さらに、コンデンサ54bよりも大きな10μFのコンデンサをコンデンサ54bとしてスイッチ54dを直列に接続してこの直列回路を演算増幅器54aの反転入力端子と出力端子との間に接続する。この構成の電流電圧変換回路54では、1mAまでの電流Iについてはスイッチ54dだけをオン状態にすることでコンデンサ54bを積分用コンデンサとして使用し、1mAを超え5mAまでの電流Iについてはスイッチ54dだけをオン状態にすることでコンデンサ54bを積分用コンデンサとして使用し、5mAを超え10mAまでの電流Iについてはスイッチ54dだけをオン状態にすることでコンデンサ54bを積分用コンデンサとして使用する。この場合、電流値Iが10mAのときの電圧Voの最大絶対電圧値は2.2Vとなって、上記の動作電圧の範囲内であることから、10mAまでの電流値Iを測定することが可能となる(第3レンジ。図7参照)。
特開2013−29466号公報(第3−4頁、第3−4図)
ところが、この電流電圧変換回路54では、積分用コンデンサとして所定の条件を満たしたコンデンサ(例えば、充電電圧Vcをゼロボルトに戻す(リセットする)必要があることから、誘電吸収特性が優れているという条件を満たしたコンデンサ。例えば、テフロン(登録商標)系のコンデンサ、ポリスチレン系のコンデンサ、ポリプロピレン系のコンデンサなど)を使用する必要があるが、この種のコンデンサには大きな容量値のものが少ないことから、さらに大きな電流値Iの電流Iを電圧Voに変換しようとしても、演算増幅器54aの動作電圧に制限されて、変換ができないという解決すべき課題が存在している。例えば、図7に示すように、50mAまでの電流値Iを測定する第4レンジを測定レンジに追加しようとしたとしても、上記の条件を満たすコンデンサの容量値が最大で22μF程度であったときには、このコンデンサを積分用コンデンサに使用したときの電流値Iが50mAでの電圧Voの最大絶対電圧値は5.0Vとなって上記の動作電圧の範囲を超えるため、50mAの電流値Iを電圧Voに変換することができない。
この場合、コンデンサを複数個、並列接続して積分用コンデンサとする構成も採用し得るが、基板上での実装面積の増加を考慮すると、並列接続する個数に限界があるため、電圧Voに変換し得る電流値Iを若干増やすことができるものの、上記の課題を十分に解決することは難しい。
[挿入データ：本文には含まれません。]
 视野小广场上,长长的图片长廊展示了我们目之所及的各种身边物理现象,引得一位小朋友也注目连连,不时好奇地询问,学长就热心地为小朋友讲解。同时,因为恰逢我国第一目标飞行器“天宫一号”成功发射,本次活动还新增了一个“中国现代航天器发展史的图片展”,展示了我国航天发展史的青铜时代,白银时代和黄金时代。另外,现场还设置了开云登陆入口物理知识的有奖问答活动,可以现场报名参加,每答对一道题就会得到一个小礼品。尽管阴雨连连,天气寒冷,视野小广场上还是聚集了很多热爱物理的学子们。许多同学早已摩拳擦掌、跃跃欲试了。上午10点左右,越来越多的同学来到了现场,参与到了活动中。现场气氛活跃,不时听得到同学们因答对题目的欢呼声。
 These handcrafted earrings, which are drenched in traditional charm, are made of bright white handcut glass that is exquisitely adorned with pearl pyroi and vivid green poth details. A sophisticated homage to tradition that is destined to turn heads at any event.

本発明は、かかる課題に鑑みてなされたものであり、積分用コンデンサの容量値に上限がある状況下においても、大きな電流値の電流を予め規定された経過時間での積分動作によって電圧に変換し得る積分型の電流電圧変換回路を提供することを主目的とする。また、この電流電圧変換回路を有する電流測定装置、およびこの電流測定装置を有する抵抗測定装置を提供することを他の主目的とする。
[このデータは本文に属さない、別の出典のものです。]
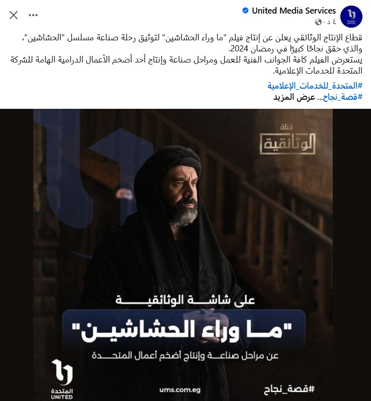 ونشرت الشركة المتحدة عبر حسابها الرسمي بموقع التواصل الاجتماعي فيسبوك، منشورا جاء به: قطاع الإنتاج الوثائقي يعلن إنتاج فيلم ما وراء الحشاشين لتوثيق رحلة صناعة مسلسل الحشاشين، والذي حقق نجاحًا كبيرًا في رمضان 2024.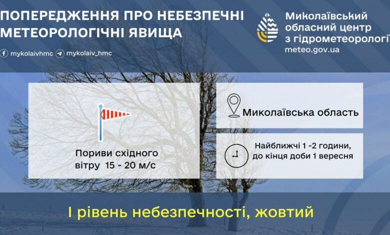 Николаевский центр гидрометеорологии предупреждает, что в ближайшие 1 — 2 часа по Николаевской области ожидается усиление восточного ветра до 15 — 20 м/с.

上記目的を達成すべく請求項1記載の電流電圧変換回路は、非反転入力端子が基準電位に規定され、かつ反転入力端子と出力端子との間に積分用コンデンサを含む帰還回路が接続された演算増幅器を有して構成されて、前記反転入力端子に供給される検出電流を、当該検出電流で充電される前記積分用コンデンサの充電電圧に応じて前記基準電位を基準とする電圧として現れる検出電圧に変換して前記出力端子から出力する積分型の電流電圧変換回路であって、前記帰還回路は、複数のコンデンサと、複数の測定レンジのうちから選択された任意の1つの測定レンジに対応する前記複数のコンデンサのうちの1つまたは2つ以上のコンデンサを前記積分用コンデンサとして前記出力端子と前記反転入力端子との間に接続するスイッチ部とを有し、前記演算増幅器用の動作電圧を電圧値を変更して出力可能な電圧可変電源と、前記測定レンジに対応する前記1つまたは2つ以上のコンデンサ、および当該測定レンジに対応する前記電圧値の組み合わせが、前記複数の測定レンジに関連付けられて記憶された記憶部と、制御部とを備え、前記制御部は、前記複数の測定レンジのうちから任意の1つの測定レンジが選択されたときに、当該選択された測定レンジに対応する前記1つまたは2つ以上のコンデンサおよび前記電圧値の組み合わせを前記記憶部から読み出すと共に、当該読み出した1つまたは2つ以上のコンデンサを前記積分用コンデンサとして前記出力端子と前記反転入力端子との間に接続させるレンジ切替制御を前記スイッチ部に対して実行し、かつ前記動作電圧を当該読み出した電圧値に変更して出力させる電圧切替制御を前記電圧可変電源に対して実行する。
また、請求項2記載の電流電圧変換回路は、請求項1記載の積分型の電流電圧変換回路において、前記電圧可変電源は、前記演算増幅器用の動作電圧としての正電圧および負電圧の各電圧値を変更して出力可能に構成されている。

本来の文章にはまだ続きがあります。